Choi Ja Young, Hu Elly R, Perrachione Tyler K
Department of Speech, Language, and Hearing Sciences, Boston University, 635 Commonwealth Ave., Boston, MA, 02215, USA.
Program in Speech and Hearing Bioscience and Technology, Harvard University, Cambridge, MA, USA.
Atten Percept Psychophys. 2018 Apr;80(3):784-797. doi: 10.3758/s13414-017-1395-5.

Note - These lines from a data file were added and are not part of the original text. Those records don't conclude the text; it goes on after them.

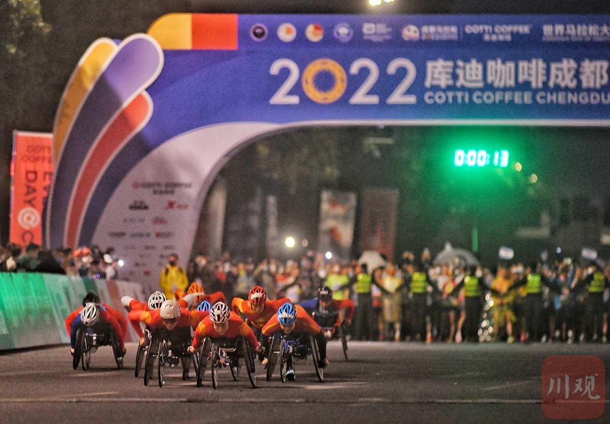2022成都马拉松11月20日7:30鸣枪开跑,在此之前,由中国竞速轮椅国家队参加的竞速轮椅项目率先出发。刚刚,2022成都马拉松竞速轮椅马拉松项目结束。
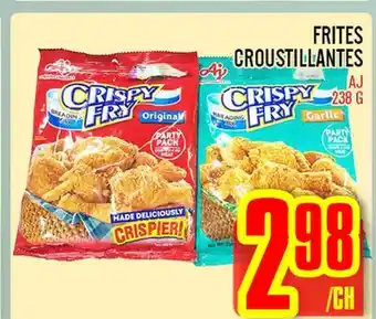 This promotion is available in various stores, view all products to get the cheapest FRITES CROUSTILLANTES. If you'd like to find out whether this product has a bigger discount in another store, check the category 'Grocery'. You may also find these offers interesting: FRITES SUPERFRIES MCCAIN, SUNFUNG SHODOISLAND Cacahuètes Croustillantes Sélectionnées & FRITES LES FERMES CAVENDISH.
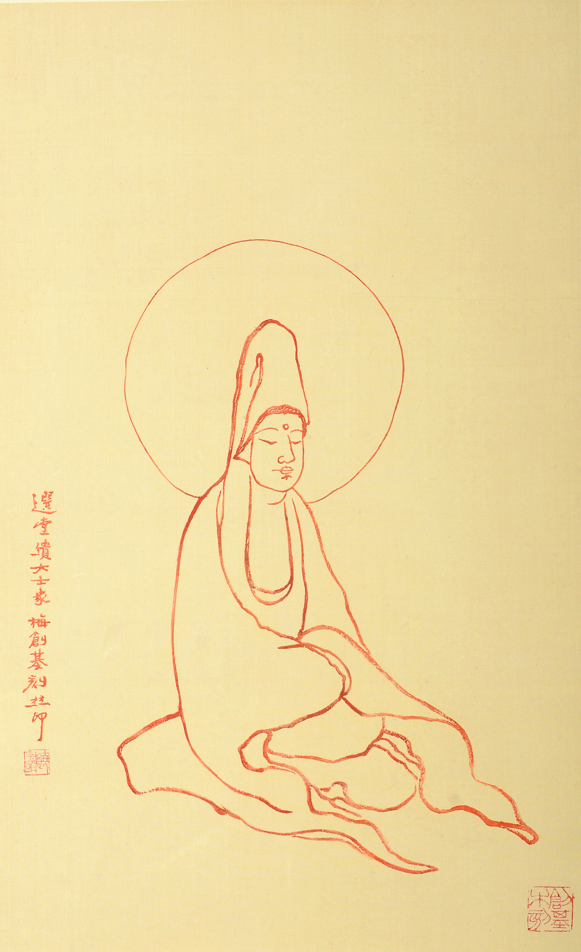 饒宗頤作、梅創基刻的《硃描觀音》,現代。此作是饒宗頤繪寫之簡筆觀音,由梅創基刻成,並親自拓成相贈鄧偉雄,具有紀念價值。
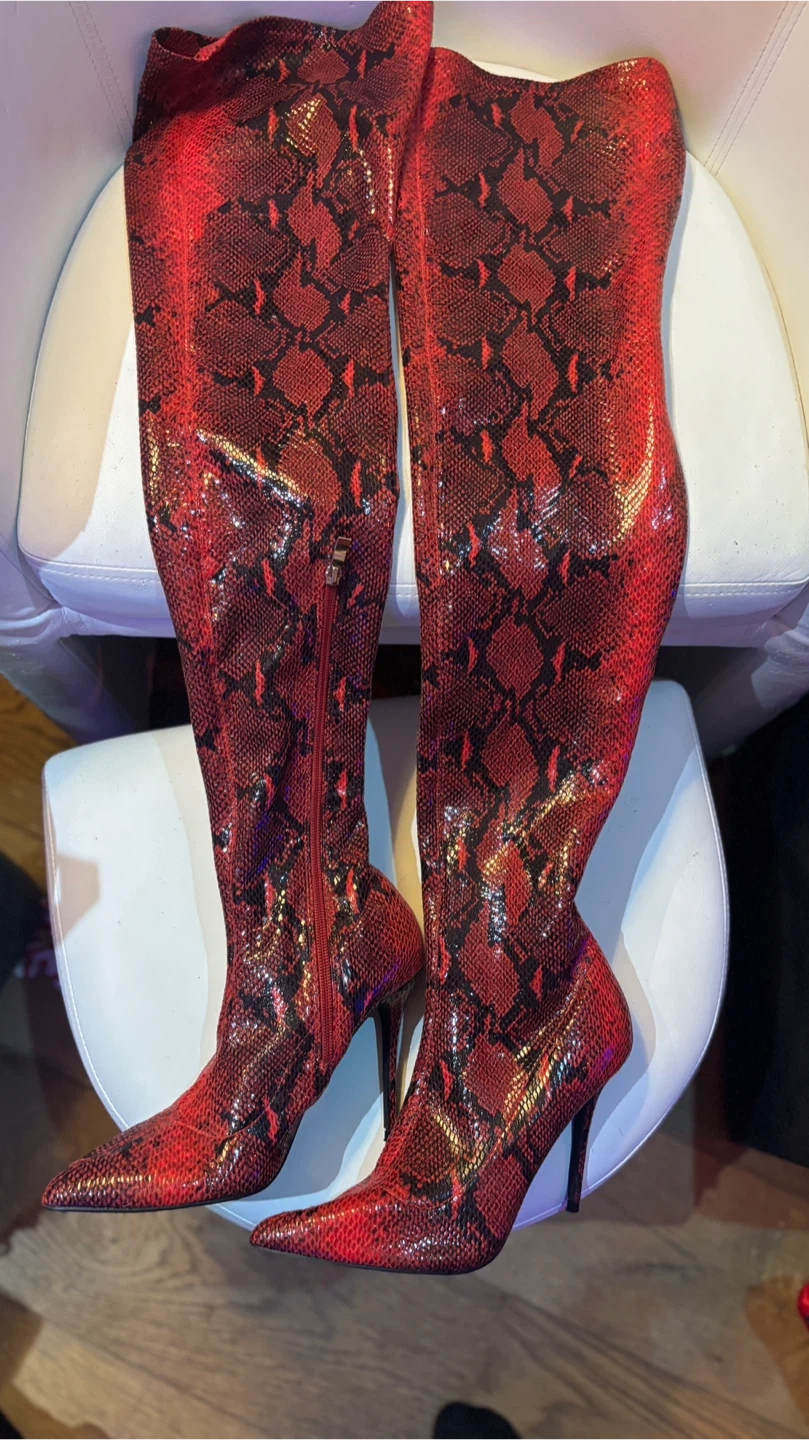 These striking red snakeskin over-the-knee boots are sure to turn heads! They feature a bold snakeskin pattern and a sleek stiletto heel. Perfect for adding a touch of edgy glamour to any outfit
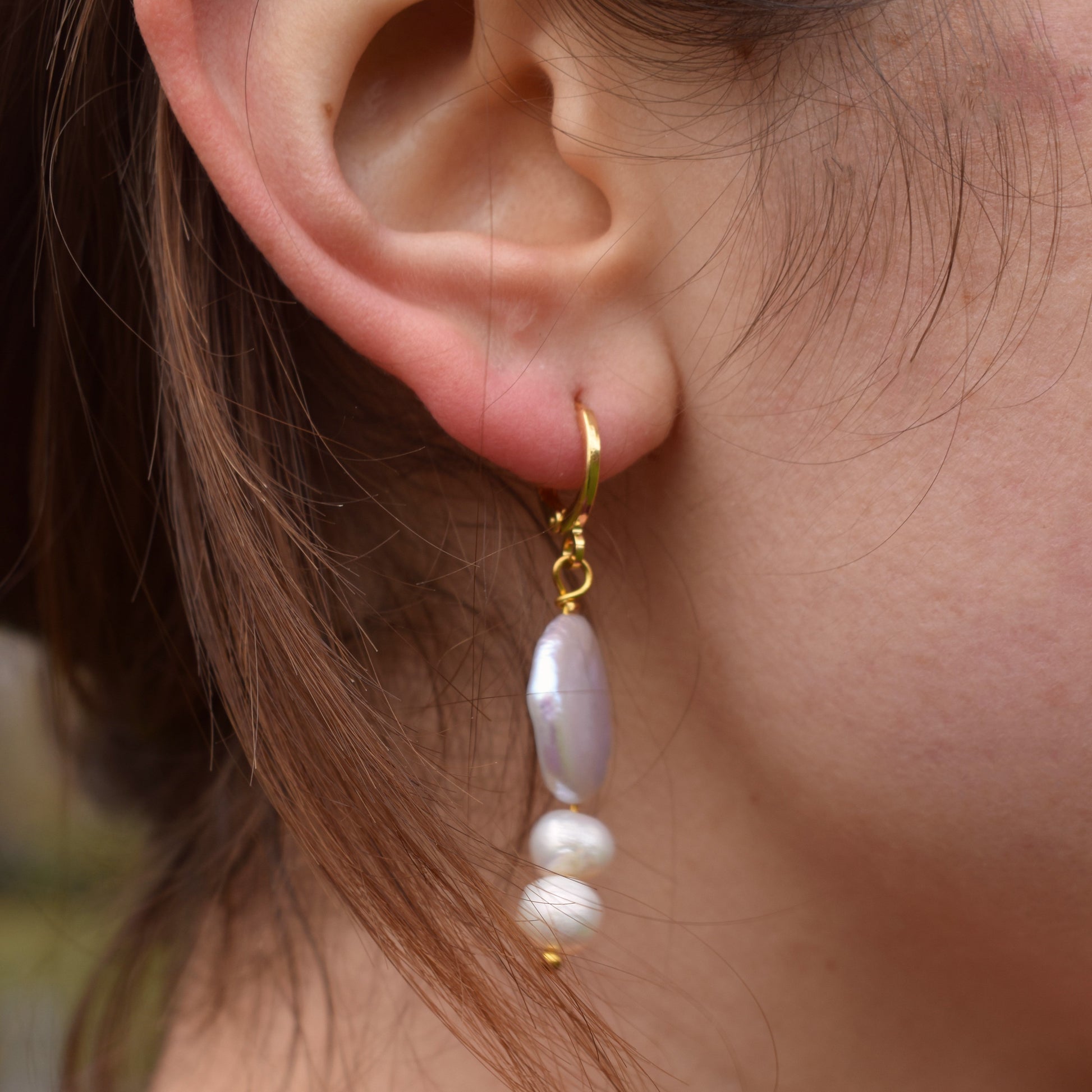 - Product Materials: Gold plated brass ear huggies, a selection of freshwater pearls
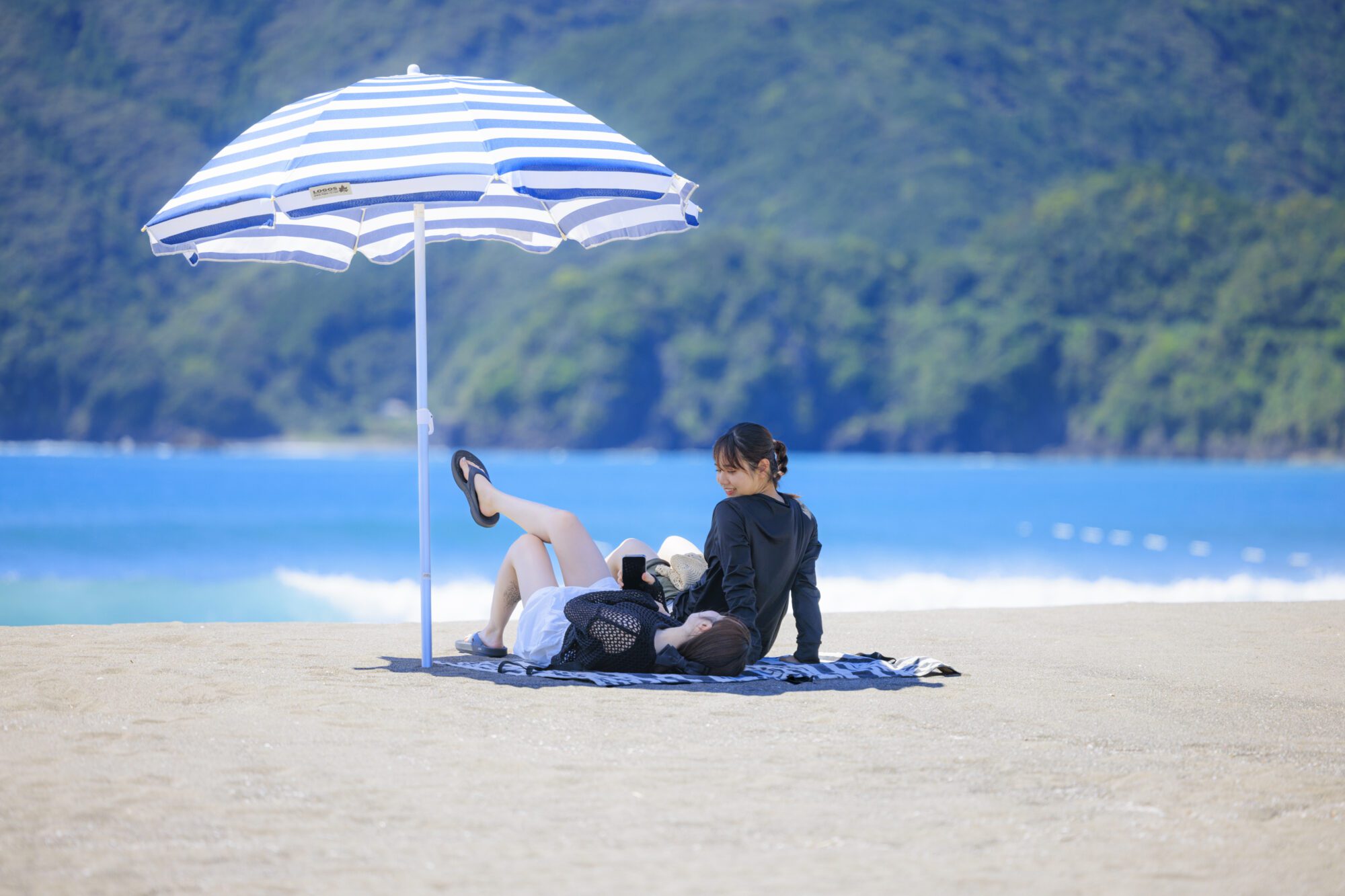張開遮陽傘,一邊眺望大海一邊悠閒地休息。忘了時間,聊天時花開了。正是這個時間,才是令人難以置信的女子之旅所特有的樂趣。
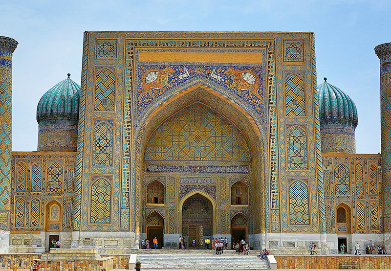 Медресе Шердор, возвышающееся на площади Регистан в Самарканде, является не просто архитектурным шедевром, но и живым свидетельством богатой истории и культурного наследия Узбекистана. Его название, «Шердор», что в переводе с персидского означает «львиное», отсылает к монументальным изображениям мозаики, украшающим главный фасад, добавляя сооружению символическую силу и величественность. Строительство медресе Шердор началось в 1619 году и завершилось в 1636 году, в эпоху правления городом Бахадура Ялангтуша (1578-1656). Это здание стало, пожалуй, самым известным и узнаваемым из трех величественных сооружений, составляющих ансамбль площади Регистан. В отличие от своего соседа, медресе Улугбека, Шердор отличается более пышным декором и монументальностью, что делает его настоящим украшением и символом Самарканда. Главный фасад медресе поражает своим великолепием. Два величественных минарета, устремленные в небо, обрамляют центральный портал, украшенный сложной мозаикой и росписью. Именно
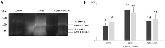Effect of the L. albus MMPI administration on the colon tissue gelatinase activities of MMP-2 and MMP-9 from colitis-induced mice. (A): Representative image of the zymographic profiles of MMP-9 and MMP-2 activities of the colons. Protein extracts of the colon were loaded on 12.5% (w/v acrylamide) polyacrylamide gels co-polymerized with 1% (w/v) gelatin. (B): Densitometric analysis of the gelatinolytic activity of MMP-9 and MMP-2 obtained in the zymographies. Control group (n = 6); Colitis group (n = 10); Colitis + MMPI =colon from animals treated with L. albus MMPI (15 mg·kg−1, n = 9, p.o.). Results are average of at least three replicates. # p < 0.05 vs. Colitis; * p < 0.05 vs. Control and ** p < 0.001 vs. Control.
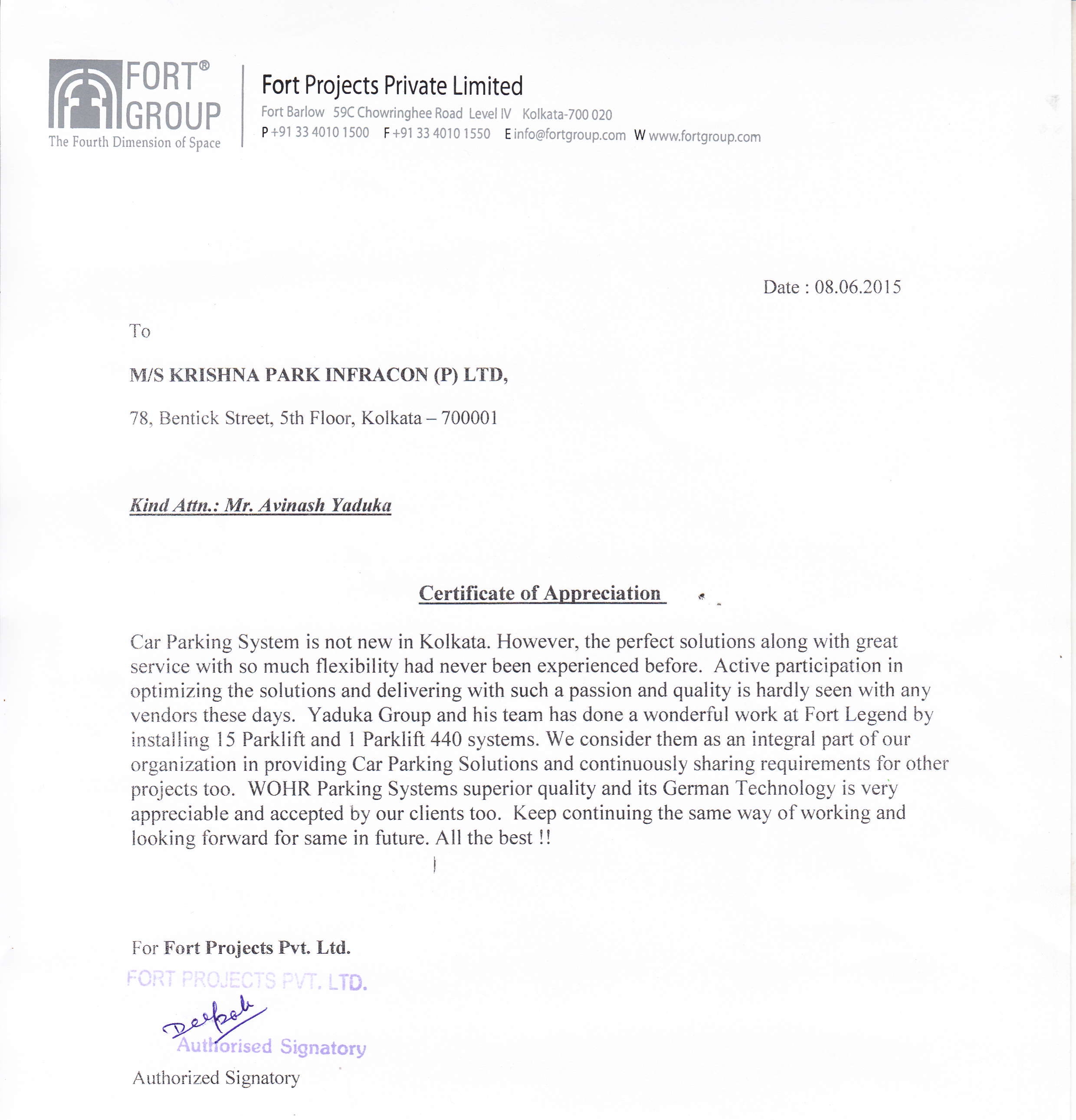 Car Parking System is not new in Kolkata. However, the perfect solutions along with great seruice with so much flexibility had never been experienced before. Active participation in optimizing the solutions and delivering with such a passion and quality is hardly seen with any vendors these days. Yaduka Group and his team has done a wonderful work at Fort Legend by installing 15 Parklift and 1 Parklift 440 systems. We consider them as an integral part of our organization in providing Car Parking Solutions and continuously sharing requirements for other projects too. WOHR Parking Systems superior quality and its Gerrnan Technology is very able and accepted by our clients too. Keep continuing the same way of working looking forward for same in future. All the best !!
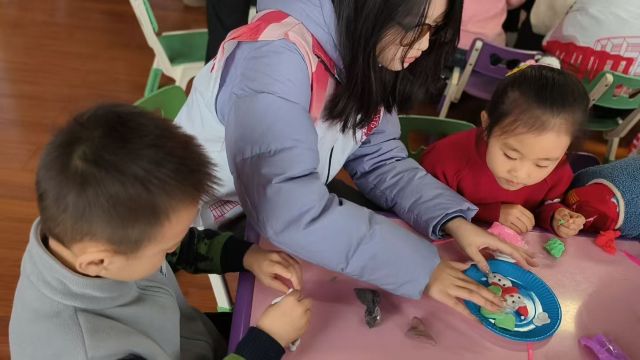 活动中,志愿者们化身“创意助手”,耐心引导小朋友发挥想象。有的孩子想做雪人,志愿者就手把手教他们揉制圆形黏土,搭配黑色纽扣当眼睛、红色黏土做鼻子;有的孩子偏爱雪花,志愿者便帮忙用工具压出花瓣纹理,让“雪花”在纸盘上绽放;还有的孩子脑洞大开,把不同颜色的黏土混合,创造出独一无二的“彩虹雪人”。18双大手牵着42双小手,在揉捏、粘贴的过程中,原本空白的纸盘渐渐变成了一个个充满童趣的作品,活动室里满是“老师你看”“我做好啦”的欢快声音,与午后的阳光交织成最温暖的画面。
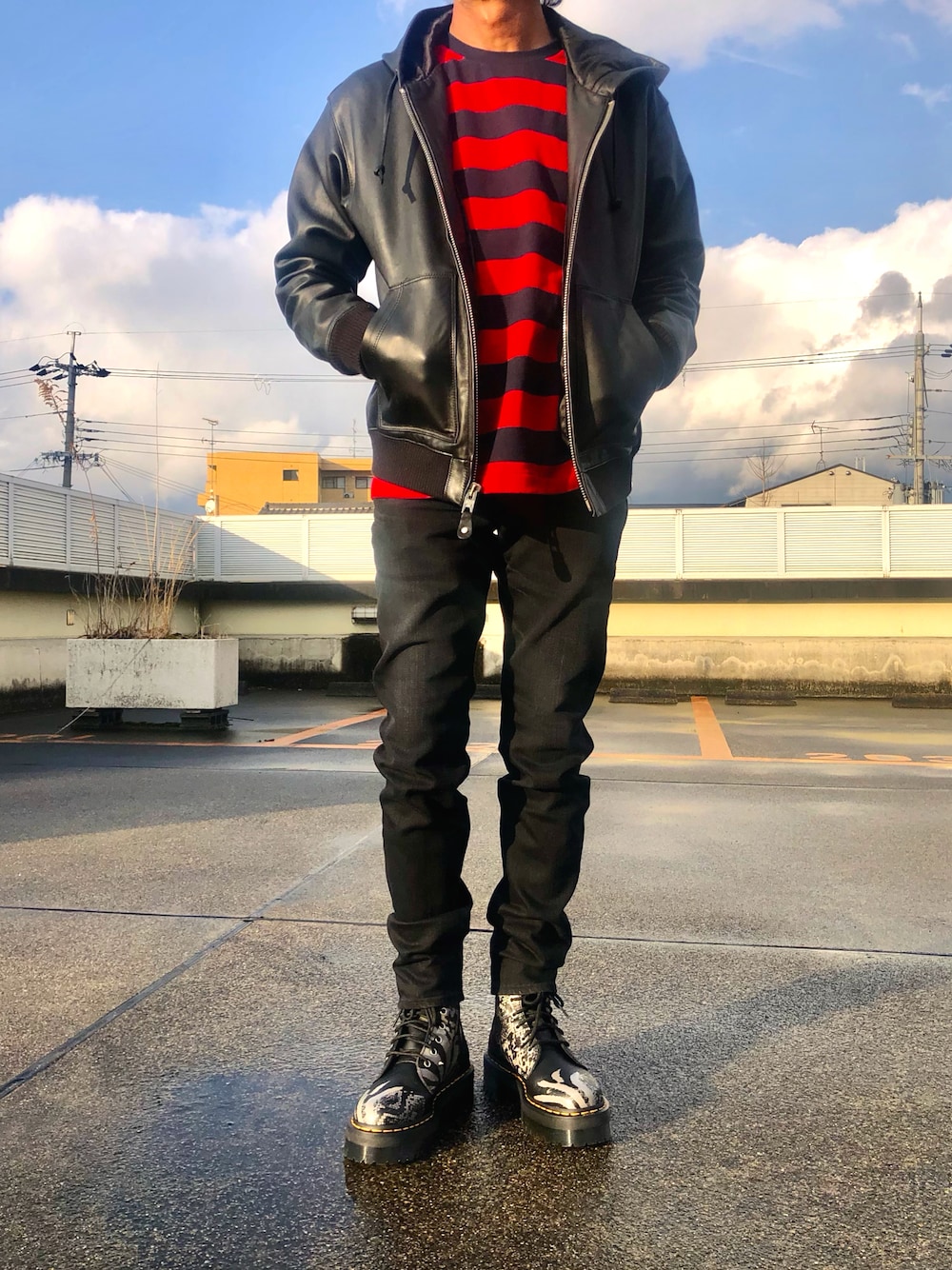 いつもいいねお気に入りありがとうございます🙏 今日は赤黒ボーダーにマーチンでロックっぽくしてみました。 怒涛のレザー4連続です🤣🤣 ショットのレザーパーカーにヒスのブラックデニムです。 いつもフォルダーインしてくださる皆様ありがとうございます🙏

The nondeterministic relationship between speech acoustics and abstract phonemic representations imposes a challenge for listeners to maintain perceptual constancy despite the highly variable acoustic realization of speech. Talker normalization facilitates speech processing by reducing the degrees of freedom for mapping between encountered speech and phonemic representations. While this process has been proposed to facilitate the perception of ambiguous speech sounds, it is currently unknown whether talker normalization is affected by the degree of potential ambiguity in acoustic-phonemic mapping. We explored the effects of talker normalization on speech processing in a series of speeded classification paradigms, parametrically manipulating the potential for inconsistent acoustic-phonemic relationships across talkers for both consonants and vowels. Listeners identified words with varying potential acoustic-phonemic ambiguity across talkers (e.g., beet/boat vs. boot/boat) spoken by single or mixed talkers. Auditory categorization of words was always slower when listening to mixed talkers compared to a single talker, even when there was no potential acoustic ambiguity between target sounds. Moreover, the processing cost imposed by mixed talkers was greatest when words had the most potential acoustic-phonemic overlap across talkers. Models of acoustic dissimilarity between target speech sounds did not account for the pattern of results. These results suggest (a) that talker normalization incurs the greatest processing cost when disambiguating highly confusable sounds and (b) that talker normalization appears to be an obligatory component of speech perception, taking place even when the acoustic-phonemic relationships across sounds are unambiguous.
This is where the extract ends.